シングル化して残すサイトのデータがすべてwp_〜〜〜〜というテーブル名になっていればOKなので、たとえば1番目のサイトだったりすればこの作業自体が省略できるかもしれませんし、
あるいはwp-config.phpファイルの側で$table_prefixの項目を修正し接頭子そのものを対象サイトの番号込みに書き換えてしまえば不要なテープルを削除したあとバックアップしたり置換したりといった作業も省略できるかもしれません。
■編集済みのバックアップを新サイトに再び復元
すべて置換が済んだら、この置換したバックアップファイルをwebminなどで再び新サイトで利用するデータベースに上書きで取り込んであげればテーブル名の変更作業も完了です。
前述したように接頭子そのものを修正して対応する場合には新データベースのバックアップから復元までの作業すら省略することもできるかもしれません。(ちょっとスッキリしない方法と個人的には思いますが)
■新サイトのデータベース内容を修正
残りは、wp_optionsテーブルの操作で2箇所修正が必要になります。
コンソールから直接MySQLにログインして修正するもよし、Webminやphpadminなどのツールを使ってもなんでも良いのでとにかくテーブルの中身を修正できればOKです。
修正する2箇所は、
- SITEURL = https://(domain名)/(wordpress2など)/
- HOME = https://(domain名/)(wordpress2など)/
と記録されているので、この2つのレコード値を実際に使用するサイト名に修正すれば新サイトのデータベースについて修正作業完了です。

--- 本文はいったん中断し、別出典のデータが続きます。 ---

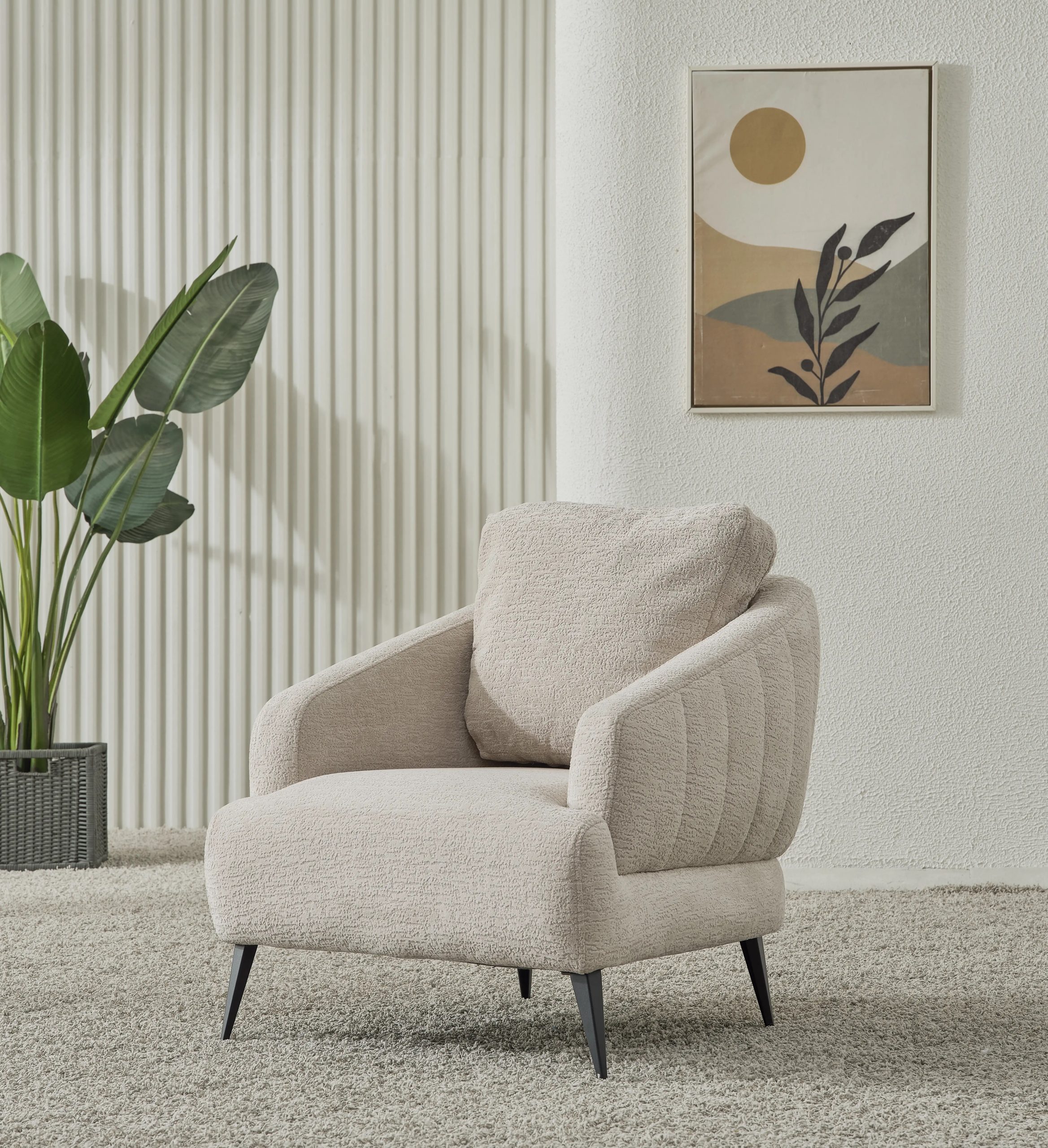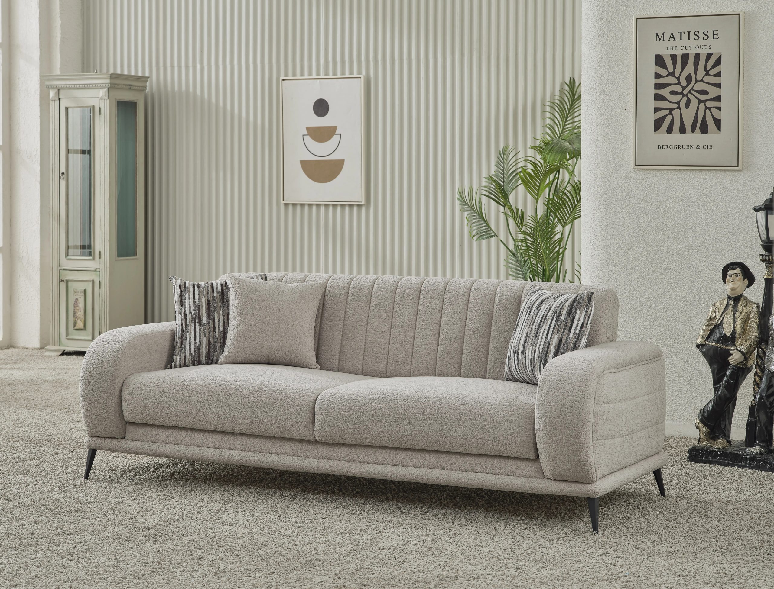 Canapeaua Havana se remarcă prin bratele rotunjite,designul spatarului cat si tapițeria Premium Boucle, care aduce un aer de distincție decorului tău. Pernele decorative, cu patternuri complementare, contribuie la un dinamism vizual, transformând canapeaua într-un element central al camerei. Materialele de înaltă calitate asigură un confort excelent, făcând din această canapea alegerea perfectă pentru momentele de relaxare, fie că vrei să te bucuri de o lectură plăcută, fie că îți dorești un somn odihnitor.

ここまでくれば、新たに準備した新シングルサイトへにアクセスしてもある程度は表示できるようになっていることでしょう。
ただ、まだ画像データなどデータベース以外の部分に保管されていたものが表示できませんので、さらに作業を進めることになります。(なのでまだ新サイトにアクセスしたりログインするのは我慢しておきましょう)
■旧サイトのアップロードファイルを新サイトへコピー
つぎは主にサーバー内のファイルを直接触ることになりますのでSSHなどでサーバーにログインしておきましょう。

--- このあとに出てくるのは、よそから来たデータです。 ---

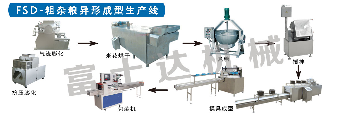 工艺流程:膨化造?!娓?油炸→煮糖→拌糖→整平切块→包装→入袋装箱

シングルサイトとしてインストールされたWordPressのアップロードファイル保管場所は
- "wp-content/uploads/"
- "wp-content/blogs.dir/files/"
- "wp-content/sites/"
なんてパターンがあるようです。
ちなみにウチのサイトの場合、古い設定を継承しているせいか、あるいはシングルからマルチサイトへと移行したことがあるせいか、ファイルの置き場所が
- サブサイト:"wp-content/uploads/"
- メインサイト:"wp-content/blogs.dir/2/files/"
- 実験用A:"wp-content/blogs.dir/3/"
- 実験用B:"wp-content/blogs.dir/4/"
なんて具合に混在している様子でした。
これらも、目的のサイトのファイルが格納されているフォルダを見つけたら、その中身(西暦年ごとにフォルダ化されていると思います)をまるごと新サイトの "wp-content/uploads/" へとコピーして(mv -r source.dir destination.dirよりも cp -r source.dir destination.dirとしたほうがより安全かもしれませんね)しまうのが楽だと思います。

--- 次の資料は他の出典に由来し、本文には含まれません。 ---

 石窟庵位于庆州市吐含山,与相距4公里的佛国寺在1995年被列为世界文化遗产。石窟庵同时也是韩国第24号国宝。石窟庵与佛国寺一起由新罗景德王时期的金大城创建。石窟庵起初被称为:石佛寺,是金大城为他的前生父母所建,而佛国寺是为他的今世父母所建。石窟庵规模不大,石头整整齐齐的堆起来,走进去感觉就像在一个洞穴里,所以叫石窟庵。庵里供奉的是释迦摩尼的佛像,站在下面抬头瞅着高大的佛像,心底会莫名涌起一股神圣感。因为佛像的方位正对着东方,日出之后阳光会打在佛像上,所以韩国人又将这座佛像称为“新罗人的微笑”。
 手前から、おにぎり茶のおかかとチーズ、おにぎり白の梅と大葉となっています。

■新サイトの管理ページにログインできたらひとまず作業完了
データベースの修正と、アップロードファイルのコピーが済んだらいよいよ新しくインストールした側のWordPressにブラウザからログインしましょう。
- https://(domain)/(新wordpressフォルダ)/wp-admin
で、旧マルチサイトのユーザー名とパスワードでログインできたら、あとは不足しているテーマの再インストールやプラグインの再インストールなど細かな調整に移ることができます。
ここまでくれば、
あとは新しいシングルサイトとして新たな一歩を踏み出せるようになっているのでひとまず安心ですね。
ここまでの一連の作業を新しく作るシングルサイトのぶんだけ繰り返すことになります。
長い道のりでしたがたいへんお疲れ様でした。